Task to carry out:
What is needed is an exact repeat of the lines from the one holding "2,用涼水將蘿卜絲淘涼,再攥幹水分,然後切碎。" through the final line of the data, with no pictures.
____________
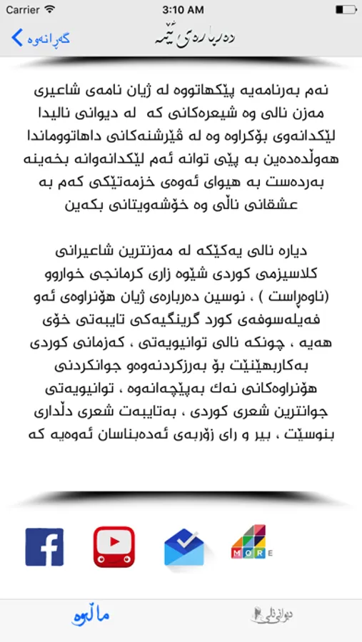 نەم بەرنامەیە پێکهاتووە لە ژیان نامەی شاعیری مەزن نالی وە شیعرەکانی کە لە دیوانی
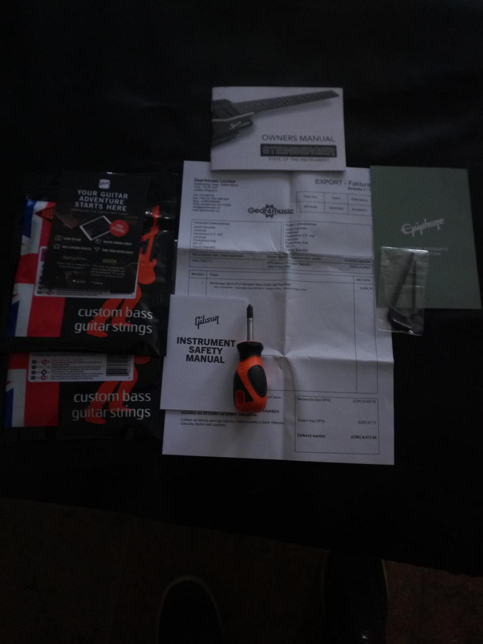 Kytara zakoupena u Gear4music 20/6/2025. Já ji pořídil letos v lednu jako zálohu na plesovou sezonu. Kytara je seřízena a jsou k ní 3 sady strun Rotosound. Dvě nové jedna po zakoupení uložená v obalu. Na kytaře jsou zámky, popruh v barvě a kapsička na vysílač. Součástí je i org. transportní vak. Faktůra přiložena. návod, klíče.
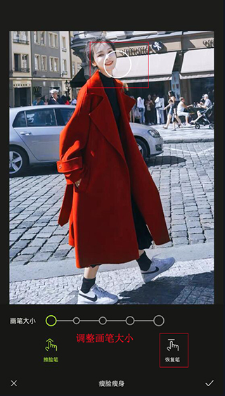 4、点击瘦脸瘦身功能,推动脸颊即可瘦脸,如下图所示
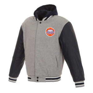 Houston Astros Navy Blue and Gray Hooded Varsity Jacket
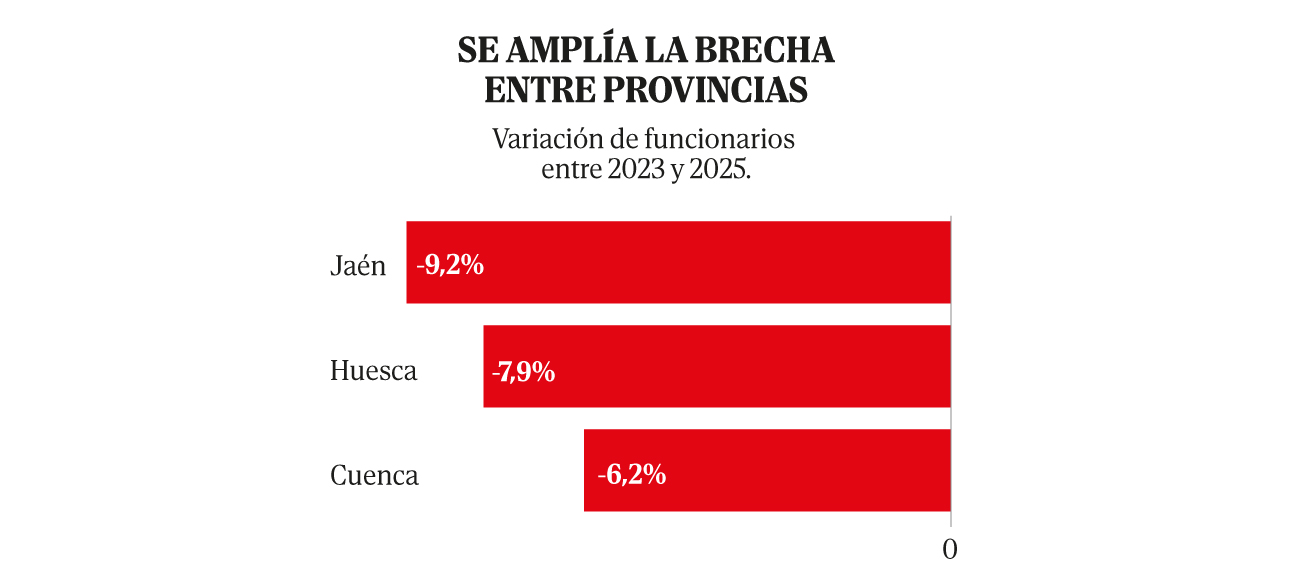 En el debe: en otras provincias deprimidas como Cuenca, Huesca o Jaén, la AGE ha perdido más de un 6% de funcionarios.
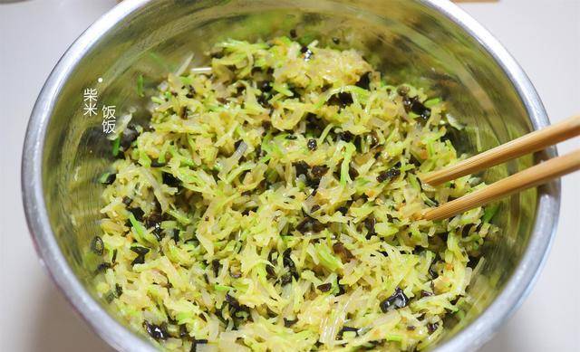 2,用涼水將蘿卜絲淘涼,再攥幹水分,然後切碎。
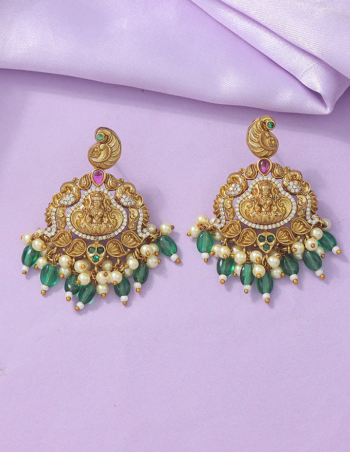 Designer Lakshmi Devi Emerald Matt Kempu Necklace Set
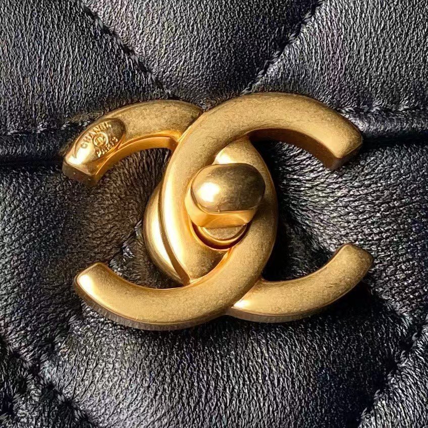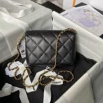 Chanel AS4973 Mini Flap Bag Shiny Lambskin Enamel & Gold Metal Black
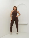 Macacão Longo em Tecido Canelado de Poliamida Alta Compressão
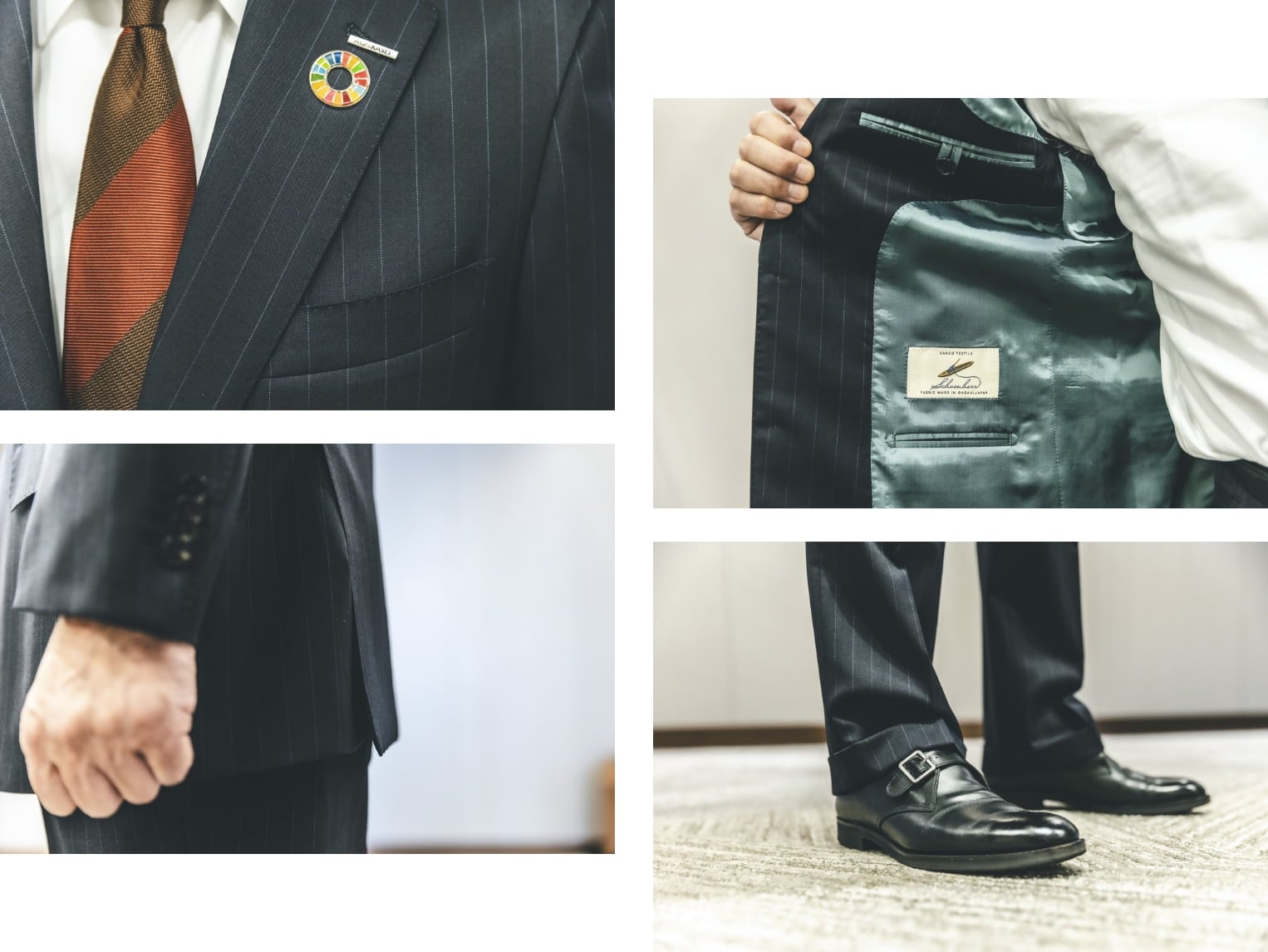 他の人よりもスーツのことを考え、頑張っている、気にしているということはありません。ただ繊維のビジネスに長く携わったので、いろいろなアパレルメーカーさんとのお付き合いもありましたし、展示会に足を運んだりもしました。そうすると、皆さん、やはりきちんとされている。そうした姿を見ると、気分がいいですよね。それにシンプルにきちんとした格好の人は輝いて見えるじゃないですか。会う人のなかには初対面の人もいれば、2回目の人もいるし、もちろん何度も会う人もいます。でもスーツを着て、きちんとしているだけでキラッと光って見える。決まって見えるわけですから、そのほうがいい、と自然と思うようになりました。
____________
Solution to this exercise:
 2,用涼水將蘿卜絲淘涼,再攥幹水分,然後切碎。
 Designer Lakshmi Devi Emerald Matt Kempu Necklace Set
 Chanel AS4973 Mini Flap Bag Shiny Lambskin Enamel & Gold Metal Black
 Macacão Longo em Tecido Canelado de Poliamida Alta Compressão
 他の人よりもスーツのことを考え、頑張っている、気にしているということはありません。ただ繊維のビジネスに長く携わったので、いろいろなアパレルメーカーさんとのお付き合いもありましたし、展示会に足を運んだりもしました。そうすると、皆さん、やはりきちんとされている。そうした姿を見ると、気分がいいですよね。それにシンプルにきちんとした格好の人は輝いて見えるじゃないですか。会う人のなかには初対面の人もいれば、2回目の人もいるし、もちろん何度も会う人もいます。でもスーツを着て、きちんとしているだけでキラッと光って見える。決まって見えるわけですから、そのほうがいい、と自然と思うようになりました。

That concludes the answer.